I am a big fan of unit testing, it allows developers to ensure the behavior of every component, and to mock certain classes or functions, but in many cases, it is often not sufficient. It is often hard to test the interaction between bigger components. It might be done via end-to-end tests which are easier to create for isolated components.
In the end, I would like to remind that changing architecture is a dramatic milestone in a product’s life. For the last 30 years, the industry moved from structured programming to object-oriented, and then to functional, from compiled languages to dynamic ones. All these technologies are good but none of them was a silver bullet. So if the whole industry shifts to a new direction, it does not mean that it will fit your needs. In conclusion, if you’ve identified that microservices are at the heart of your project’s difficulties, here are some points to ponder before deciding to overhaul your system completely to a monolithic architecture.

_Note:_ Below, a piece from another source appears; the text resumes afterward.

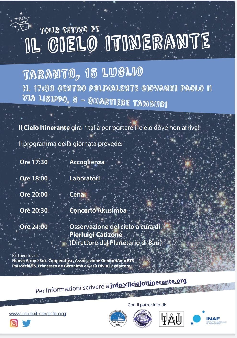 Il Cielo Itinerante fa tappa a Taranto giovedì 15 luglio, con il suo ricco programma di laboratori per bambini, iniziative artistiche e l’immancabile sessione di osservazione guidata del cielo.

- If your service is primarily I/O bound, a switch may not be the best course of action. It’s likely that a monolithic architecture won’t provide the solution to your problems.
- if you’re experiencing slow network communication, consider consolidating multiple services on the same instance. This way, communication will occur through the loopback, potentially improving speed and efficiency.
- If consolidating multiple services does not sufficiently speed up communication, another strategy is to create a drop-in replacement for the existing network API-based communication framework. This substitute should facilitate asynchronous in-process communication. To further improve efficiency, relocate the services that are most tightly interlinked into a single process and utilize the newly-developed framework to establish connections between them.